From a practical perspective, these guidelines will have a huge impact on the delivery of food in the dining room. With the Hamilton kitchen normally preparing and distributing 850 meals, over the period of 45 minutes, lunchtimes would have to be staggered. The provision of drinking water for our students, we believe will be best served by the use of reusable drinking containers. We will restrict the access to drinking fountains and allow students to bring their water bottles into both classes and the dining room, removing the risks associated with glasses. All students will need to return to school with a reusable water container at Alert Level 2. 

In addition, while waiting for entry into the dining room, students would have to be physically spaced out in the lines for breakfast, lunch and dinner, while waiting to be served their meals.

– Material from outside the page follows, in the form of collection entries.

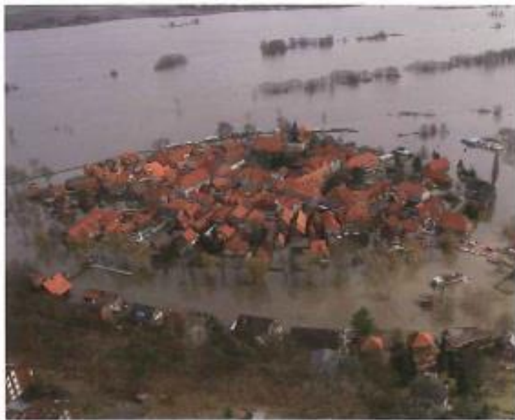
Hitzacker im April 2006
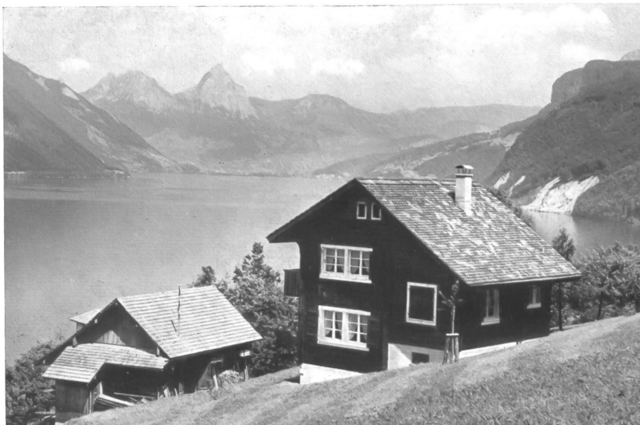
Une des maisons de vacances pour le personnel, à Beckenried près de Lucerne.

L'ouvrage commémoratif de la Filature de la Lorze doit être signalé comme un modèle du genre. Disposant d'une documentation abondante et complète, l'auteur en a tiré parti avec une rare compétence de sorte que, tout en retraçant l'histoire d'une entreprise, il a écrit un chapitre remarquablement fouillé du développement industriel et économique suisse durant les cent dernières années.
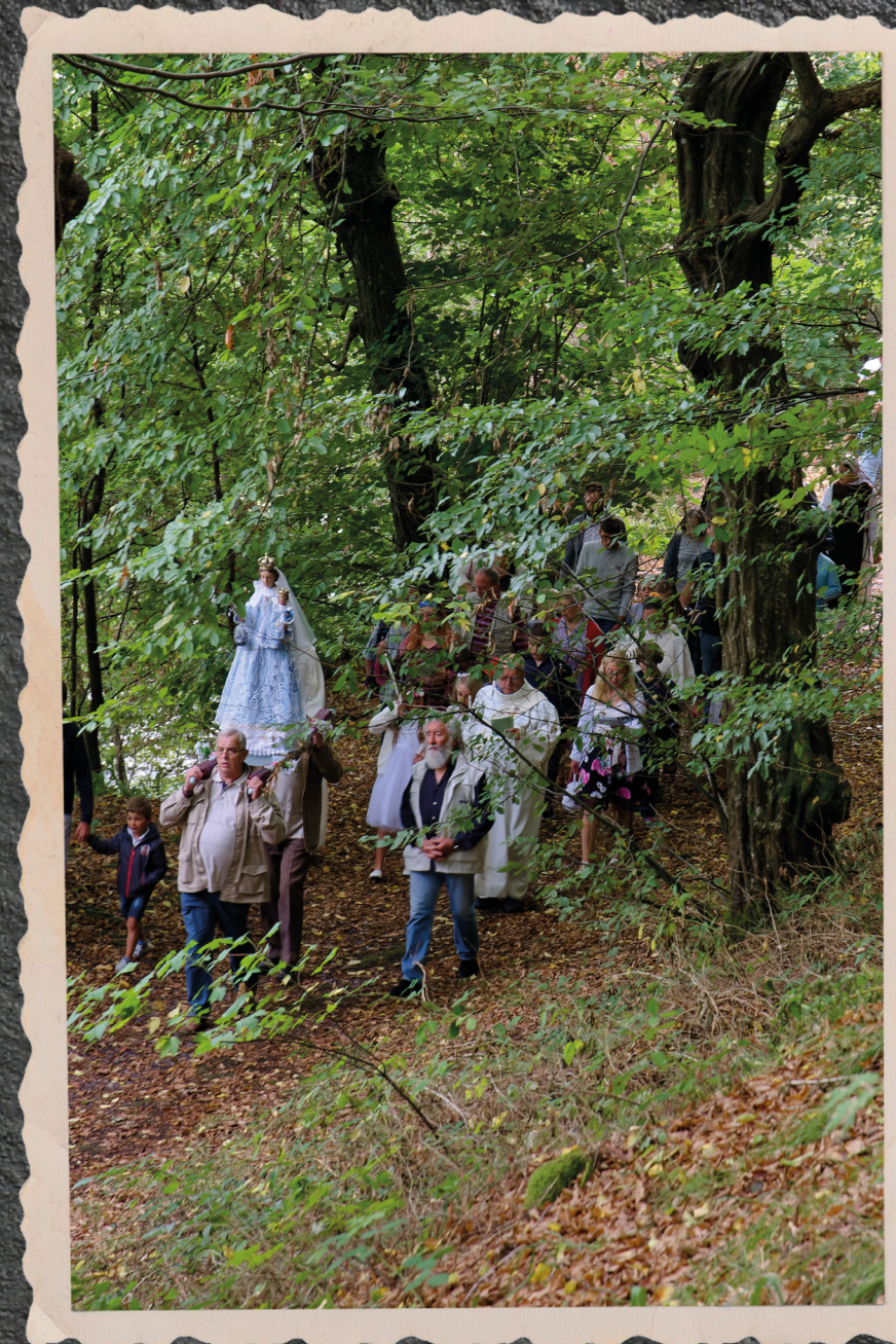
De processie van Notre-Dame in 2017

De kapel, herbouwd in 1802, werd gedeeltelijk verwoest in augustus 1914 tijdens de eerste gevechten van de Eerste Wereldoorlog. De wederopbouw van het gebouw startte in 1919.
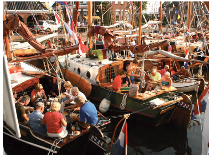
Het nuttigen van grootste drijvende diner.
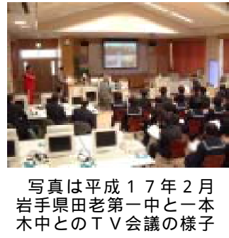
写真は平成17年2月と17年中一の岩手県老田第一中学校とのTV会議の様子

夏休みまでにPTA行事として、例年実施している合同懇談会を七月十四日に、二十二日には奉仕作業・バザーを予定しています。中高連携として、今年度はTV会議システムを活用し、小鹿野高校との実践、九州地区の水族館との理科の授業実践を予定しています。

While for our Tihoi campus, our Year 10 boys normally sit together at tables in their house groupings and serve themselves lunch, we would need to put additional procedures in place for their self-catering of both breakfast and dinners in their houses. Precautions for prevention of Covid-19 are both labour and time intensive.

The safe provision of meals is but one aspect of communal life in a residential community. We would need to maximise the space between boarders in their bedrooms, common rooms, and when they are undertaking study and leisure activities. Fortunately, we have some experience in the past in managing such processes in undertaking the expansion and upgrading of Clark, Williams and Sargood Houses. 

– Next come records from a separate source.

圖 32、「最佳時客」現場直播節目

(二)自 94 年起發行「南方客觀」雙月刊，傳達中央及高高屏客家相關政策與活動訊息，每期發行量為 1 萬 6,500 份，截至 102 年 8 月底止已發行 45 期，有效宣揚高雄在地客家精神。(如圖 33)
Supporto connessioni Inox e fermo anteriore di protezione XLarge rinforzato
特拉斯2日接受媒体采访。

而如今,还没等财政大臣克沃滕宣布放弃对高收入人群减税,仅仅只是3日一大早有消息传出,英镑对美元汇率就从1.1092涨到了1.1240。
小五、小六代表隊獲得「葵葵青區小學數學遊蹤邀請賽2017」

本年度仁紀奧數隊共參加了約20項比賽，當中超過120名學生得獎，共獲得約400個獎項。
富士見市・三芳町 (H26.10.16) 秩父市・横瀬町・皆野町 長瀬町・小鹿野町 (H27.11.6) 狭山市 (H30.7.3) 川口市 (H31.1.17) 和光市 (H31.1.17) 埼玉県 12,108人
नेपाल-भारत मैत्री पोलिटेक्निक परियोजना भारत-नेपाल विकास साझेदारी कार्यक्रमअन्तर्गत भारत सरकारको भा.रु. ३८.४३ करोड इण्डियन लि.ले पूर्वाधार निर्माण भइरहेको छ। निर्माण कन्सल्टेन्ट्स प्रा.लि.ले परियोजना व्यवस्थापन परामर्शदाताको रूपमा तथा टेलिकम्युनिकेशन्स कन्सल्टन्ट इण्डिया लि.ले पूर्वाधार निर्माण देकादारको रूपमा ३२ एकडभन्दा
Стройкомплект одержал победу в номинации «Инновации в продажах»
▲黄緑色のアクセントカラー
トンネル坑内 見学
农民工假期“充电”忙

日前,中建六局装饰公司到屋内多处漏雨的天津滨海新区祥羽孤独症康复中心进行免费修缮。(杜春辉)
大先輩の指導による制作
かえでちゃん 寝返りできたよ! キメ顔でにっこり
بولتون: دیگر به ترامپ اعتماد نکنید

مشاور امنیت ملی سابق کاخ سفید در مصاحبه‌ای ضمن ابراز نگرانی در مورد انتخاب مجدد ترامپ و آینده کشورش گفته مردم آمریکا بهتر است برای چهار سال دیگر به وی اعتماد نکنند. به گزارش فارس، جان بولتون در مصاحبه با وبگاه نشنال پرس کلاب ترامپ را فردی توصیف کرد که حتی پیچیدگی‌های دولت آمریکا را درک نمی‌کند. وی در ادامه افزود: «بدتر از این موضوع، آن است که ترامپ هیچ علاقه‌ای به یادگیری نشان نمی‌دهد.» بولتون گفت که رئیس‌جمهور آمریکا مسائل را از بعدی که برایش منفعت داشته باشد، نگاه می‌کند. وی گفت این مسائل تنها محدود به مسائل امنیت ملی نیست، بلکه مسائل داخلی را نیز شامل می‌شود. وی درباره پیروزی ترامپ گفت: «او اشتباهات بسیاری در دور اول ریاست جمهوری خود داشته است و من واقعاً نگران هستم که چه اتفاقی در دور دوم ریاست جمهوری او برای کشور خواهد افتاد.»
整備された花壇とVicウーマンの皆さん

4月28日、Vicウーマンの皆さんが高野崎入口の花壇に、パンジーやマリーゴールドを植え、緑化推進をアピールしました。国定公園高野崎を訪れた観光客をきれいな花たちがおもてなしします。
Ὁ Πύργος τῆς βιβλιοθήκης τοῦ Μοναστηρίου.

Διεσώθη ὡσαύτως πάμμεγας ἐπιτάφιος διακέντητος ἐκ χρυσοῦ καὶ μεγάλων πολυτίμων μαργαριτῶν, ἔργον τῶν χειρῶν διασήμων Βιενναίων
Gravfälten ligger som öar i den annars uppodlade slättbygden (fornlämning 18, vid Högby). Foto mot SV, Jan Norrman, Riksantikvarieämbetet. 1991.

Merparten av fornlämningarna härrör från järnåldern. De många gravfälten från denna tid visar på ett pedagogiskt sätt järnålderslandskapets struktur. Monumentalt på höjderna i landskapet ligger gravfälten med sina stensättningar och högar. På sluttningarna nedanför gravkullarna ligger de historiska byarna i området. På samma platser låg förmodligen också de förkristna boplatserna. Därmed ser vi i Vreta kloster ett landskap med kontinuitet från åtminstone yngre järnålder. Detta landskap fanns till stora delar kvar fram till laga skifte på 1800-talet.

On the Hamilton campus, the social distancing requirements may make it necessary for us to utilise the Collegians' Pavilion and new Hockey/Football Pavilion as accommodation areas for the Year 10 students in the remaining weeks of this term, (ie who are looking to be part of Intake 2 down at Tihoi). At Tihoi itself, under Alert Level 3, students are not allowed to be accommodated in bunk beds and so we may have to open up and utilise the ninth student house and the Brick House to manage sleeping times under a lower Alert Level.

The precautions we are exploring in the earlier paragraphs do not take into account the measures that would need to be implemented in the day school. In moving to the lower Alert Levels we believe the government will increase the size of the pods in class groupings from the current ten, probably to a level closer to 20. We are fortunate at St Paul’s we have an average class size in the junior school of 20 students and 15 at Years 11, 12 and 13. This will not be the case in the state and integrated sector and will probably be quite challenging in that environment to provide the social distancing of one metre between seated students. 

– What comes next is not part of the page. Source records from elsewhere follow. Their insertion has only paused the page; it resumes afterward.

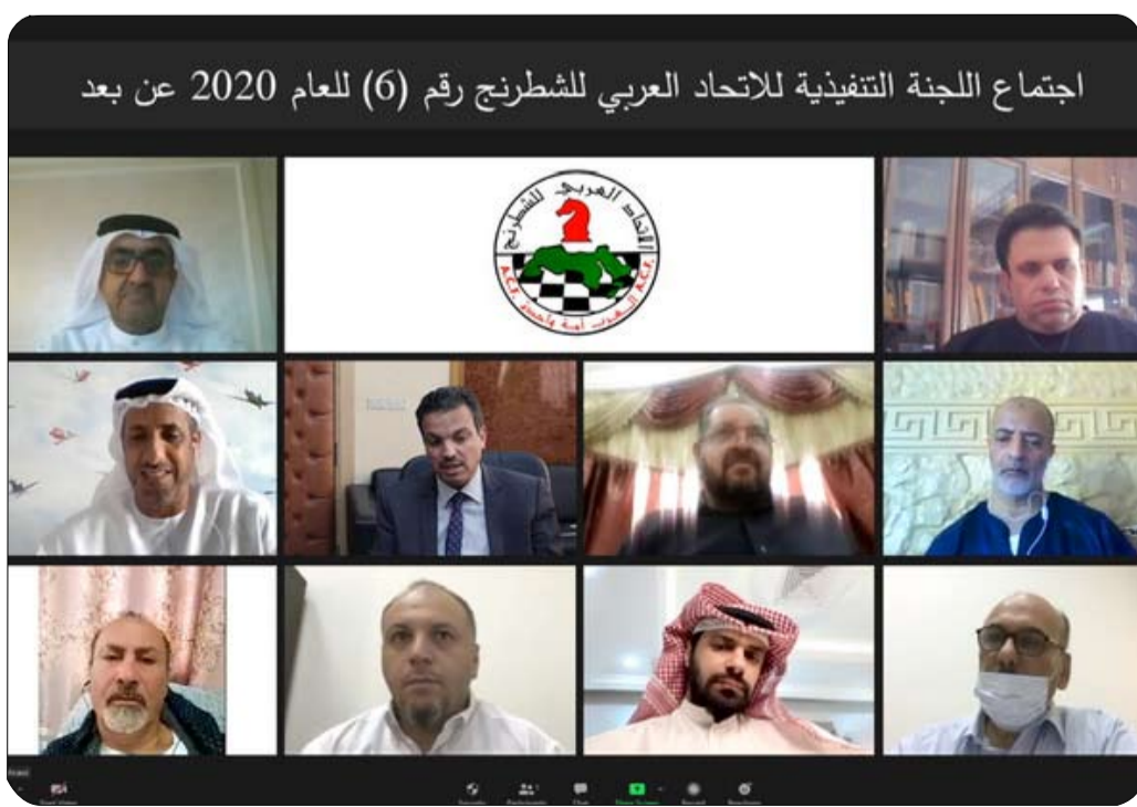
اجتماع اللجنة التنفيذية للاتحاد العربي للشطرنج رقم (6) لعام 2020 عن بعد

الاجتماع على الألقاب الدولية - واطلمت اللجنة التنفيذية على مخاطبات رئيس الاتحاد العربي
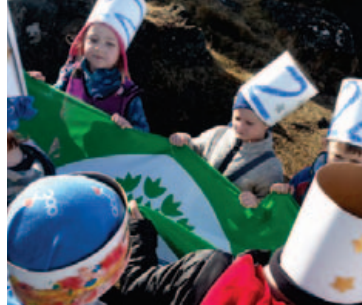
Áhersla er lögð á þátttöku nemenda.

Verkefnið hefur vaxið jafnt og þétt frá því að það hóf göngu sína hér á landi árið 2000, en tæpur helmingur leik-, grunn- og framhaldsskóla um allt land er nú þátttakandi.
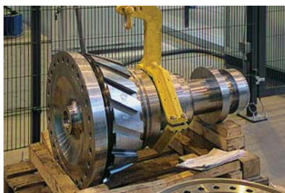
Фото 13. Центробежный компрессор 400-21-1С
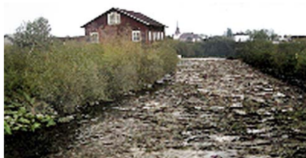
Uppströms Holmfors såg där de föll i
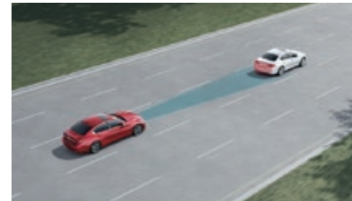
ICC 全速域智慧定速系統 DCA 車距控制輔助系統

當車速介於 0-144km/h 時，可依你的偏好設定三段安全車距，並根據前車的速度變化自動加速、減速，達到自動跟車的效果，並同時監控是否與前車保持足夠的安全距離，若與前車距離過近，將自動減速，預防煞車不及的狀況發生。
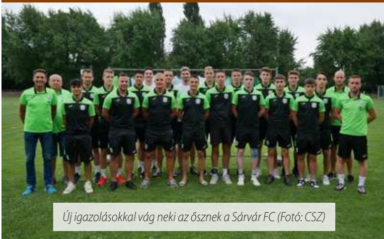
Új igazolásokkal vág neki az ősznek a Sárvár FC

A Sárvár FC Sporttelepén a felnőtt csapat is megtartotta szezonnyitó sajtótájékoztatóját. A gárda a Vas Vármegyei I. osztályban szerepel a 2023/2024-es szezonban, és nevezett a Halmosi Zoltán Vas Vármegyei Kupába is. A célkitűzés az, hogy a bajnokságot az első három hely egyikén zárja. A tájékoztatón az új igazolások is bemutatkoztak.
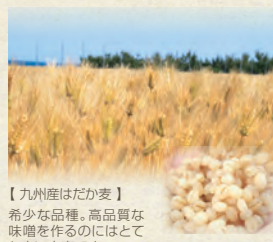
【九州産はだか麦】希少な品種。高品質な味噌を作るのにはとても良い大麦です。

As a number of our staff are immune compromised, or have within their bubbles people who are particularly vulnerable to the virus, we are looking at requiring all students returning to have reusable face masks, which they will need to use in specific classes and in large groupings such as House meetings. Currently, a core of staff and family members are sewing these reusable face masks, with the aim of us being able to provide two for each of our students and staff. These will be distributed upon return to school. Our immediate aim is to produce 1700 face masks in the next two weeks, but we are also interested in seeing if we can exceed this number and supply our local partnership primary schools in our Over-the-Fence Ministry programme.

In summary, the “new normal” will present significant logistical challenges for schools around the country. It is important to reiterate that we are well underway in our planning for whatever guidelines the Ministry of Education issue for school operation under Alert Level 2. We are planning for a potential return to school sometime between 13 May and 18 May, once Cabinet has made its decision. 

It may be that to enable a smooth transition, the return of students is staggered, with priority given to Tihoi Intake One and our senior students, with junior students following a few days later. 

As a school, we will provide further information, directly after the Prime Minister’s announcement on May 11.